◆ PROVIDED ENTRIES

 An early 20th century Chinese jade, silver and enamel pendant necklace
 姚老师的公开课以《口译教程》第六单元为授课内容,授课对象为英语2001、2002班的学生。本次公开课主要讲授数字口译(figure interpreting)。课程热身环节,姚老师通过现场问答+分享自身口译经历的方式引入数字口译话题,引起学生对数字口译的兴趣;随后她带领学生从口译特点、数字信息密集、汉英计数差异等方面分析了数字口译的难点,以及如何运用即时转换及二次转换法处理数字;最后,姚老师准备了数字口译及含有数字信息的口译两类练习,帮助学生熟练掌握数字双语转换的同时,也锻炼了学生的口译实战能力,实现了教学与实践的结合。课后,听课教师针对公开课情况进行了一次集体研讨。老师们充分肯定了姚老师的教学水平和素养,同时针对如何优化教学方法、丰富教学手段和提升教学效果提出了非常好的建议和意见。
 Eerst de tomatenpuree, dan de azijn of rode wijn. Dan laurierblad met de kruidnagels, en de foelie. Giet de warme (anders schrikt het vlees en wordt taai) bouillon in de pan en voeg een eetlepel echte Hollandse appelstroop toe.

...

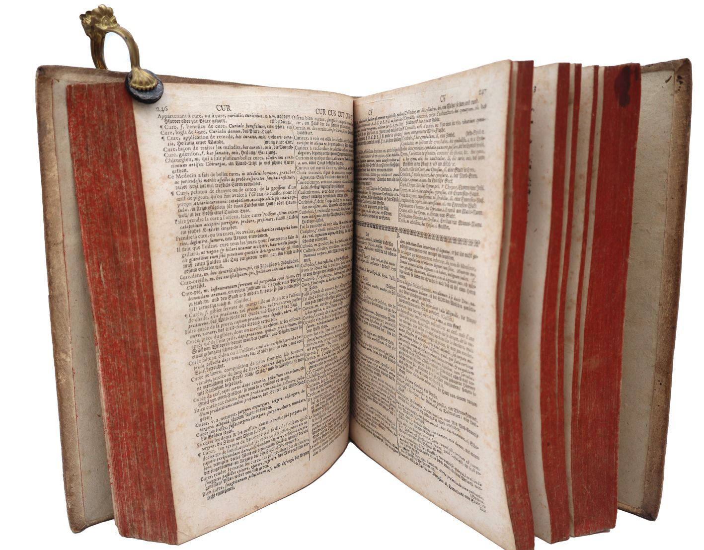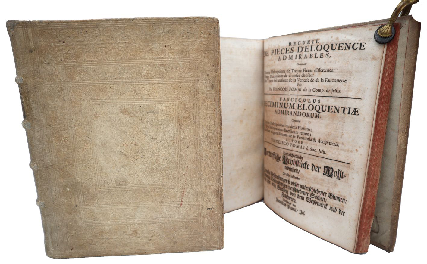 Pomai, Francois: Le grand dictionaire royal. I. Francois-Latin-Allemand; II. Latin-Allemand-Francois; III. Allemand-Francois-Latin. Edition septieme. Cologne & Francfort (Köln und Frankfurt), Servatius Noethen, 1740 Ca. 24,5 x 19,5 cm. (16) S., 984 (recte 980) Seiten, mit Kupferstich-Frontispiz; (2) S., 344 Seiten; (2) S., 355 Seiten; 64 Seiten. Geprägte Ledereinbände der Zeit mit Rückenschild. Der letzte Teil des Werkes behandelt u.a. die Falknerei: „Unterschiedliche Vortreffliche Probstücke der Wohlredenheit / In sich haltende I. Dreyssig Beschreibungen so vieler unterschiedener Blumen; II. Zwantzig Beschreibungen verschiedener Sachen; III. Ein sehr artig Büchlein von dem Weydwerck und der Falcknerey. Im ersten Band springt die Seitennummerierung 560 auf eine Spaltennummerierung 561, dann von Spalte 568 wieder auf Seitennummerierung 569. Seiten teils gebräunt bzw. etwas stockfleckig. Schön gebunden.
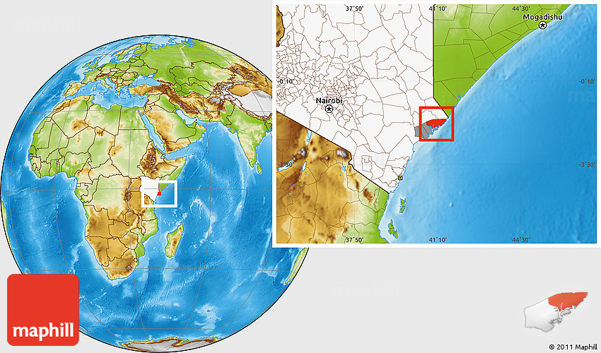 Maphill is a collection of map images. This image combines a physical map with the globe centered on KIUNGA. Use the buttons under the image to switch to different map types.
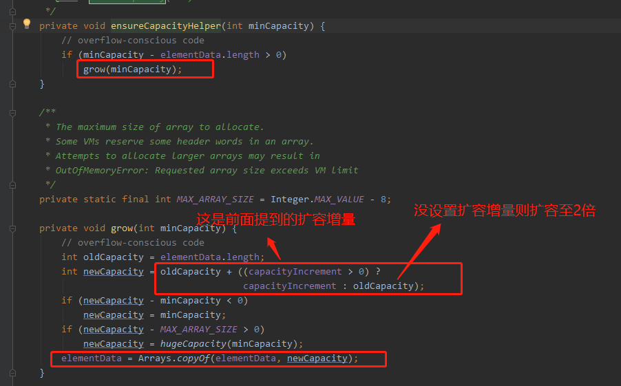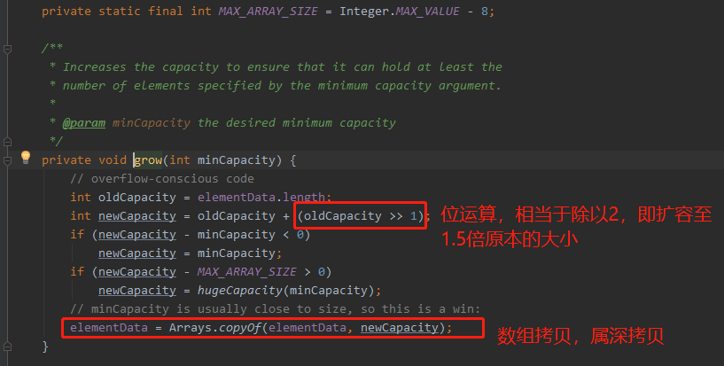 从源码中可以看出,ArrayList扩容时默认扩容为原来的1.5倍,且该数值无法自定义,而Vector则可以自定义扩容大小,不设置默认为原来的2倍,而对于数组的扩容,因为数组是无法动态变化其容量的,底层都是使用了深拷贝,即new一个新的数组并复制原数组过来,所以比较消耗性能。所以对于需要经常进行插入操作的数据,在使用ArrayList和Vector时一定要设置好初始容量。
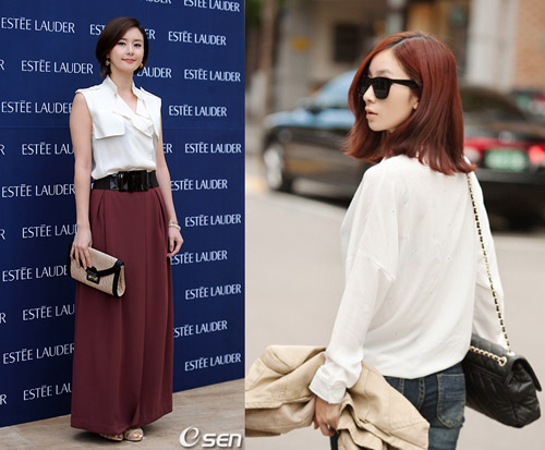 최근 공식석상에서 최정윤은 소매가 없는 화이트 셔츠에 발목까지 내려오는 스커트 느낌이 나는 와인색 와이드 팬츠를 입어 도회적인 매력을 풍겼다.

==

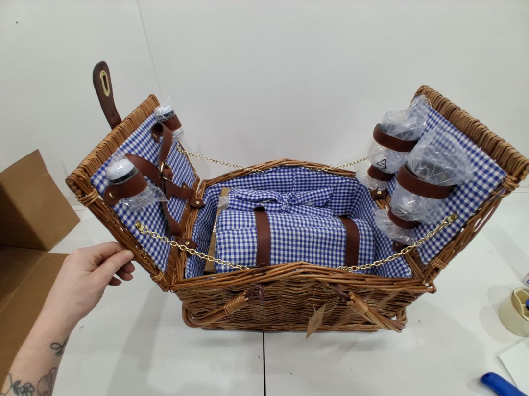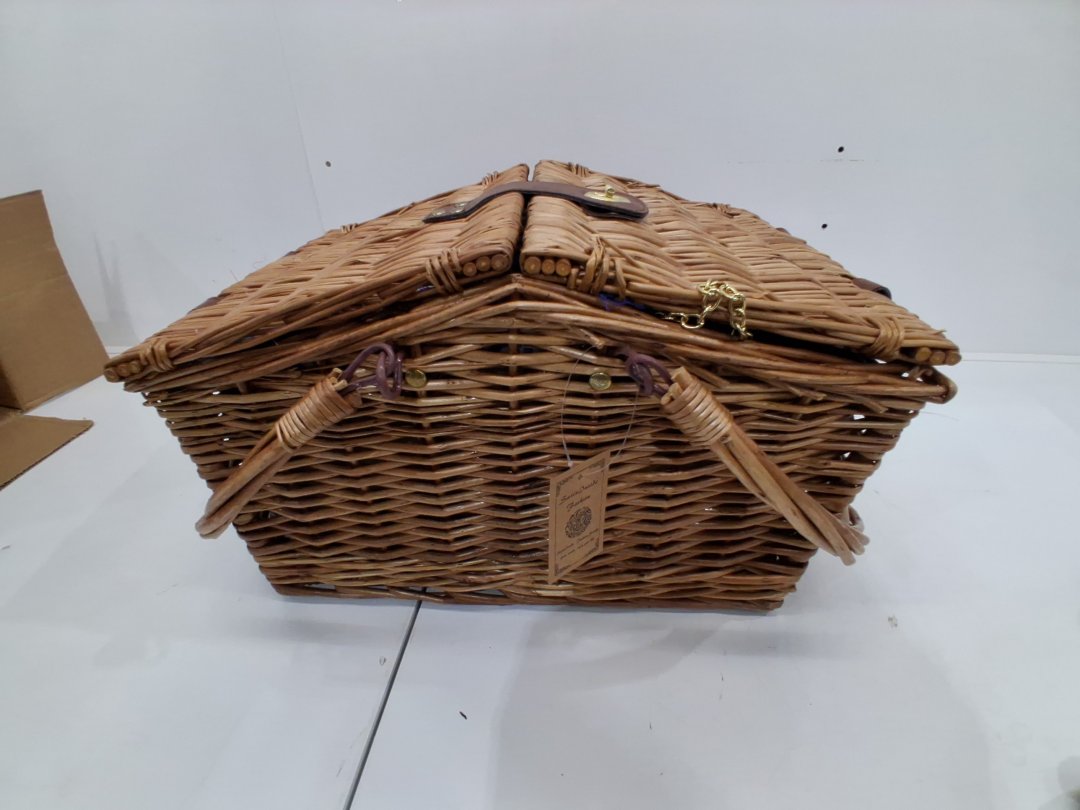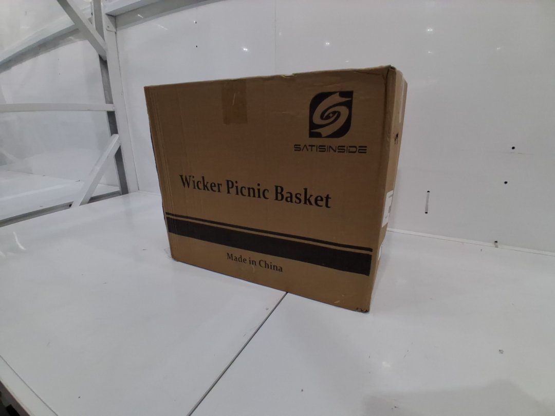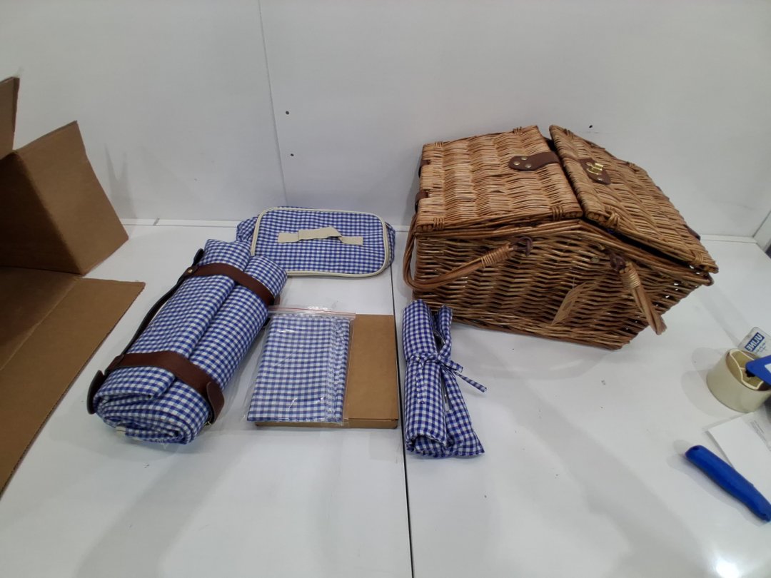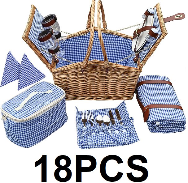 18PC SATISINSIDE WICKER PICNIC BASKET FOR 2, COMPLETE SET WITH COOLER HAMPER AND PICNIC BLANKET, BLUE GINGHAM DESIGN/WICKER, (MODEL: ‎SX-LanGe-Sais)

◆ BRIEF
Look above for the line holding "An early 20th", then set down exactly that line and every line after it up to and including the line holding "Eerst de tomatenpuree, dan", with nothing else.

◆ SOLUTION TO THIS TASK
 An early 20th century Chinese jade, silver and enamel pendant necklace
 姚老师的公开课以《口译教程》第六单元为授课内容,授课对象为英语2001、2002班的学生。本次公开课主要讲授数字口译(figure interpreting)。课程热身环节,姚老师通过现场问答+分享自身口译经历的方式引入数字口译话题,引起学生对数字口译的兴趣;随后她带领学生从口译特点、数字信息密集、汉英计数差异等方面分析了数字口译的难点,以及如何运用即时转换及二次转换法处理数字;最后,姚老师准备了数字口译及含有数字信息的口译两类练习,帮助学生熟练掌握数字双语转换的同时,也锻炼了学生的口译实战能力,实现了教学与实践的结合。课后,听课教师针对公开课情况进行了一次集体研讨。老师们充分肯定了姚老师的教学水平和素养,同时针对如何优化教学方法、丰富教学手段和提升教学效果提出了非常好的建议和意见。
 Eerst de tomatenpuree, dan de azijn of rode wijn. Dan laurierblad met de kruidnagels, en de foelie. Giet de warme (anders schrikt het vlees en wordt taai) bouillon in de pan en voeg een eetlepel echte Hollandse appelstroop toe.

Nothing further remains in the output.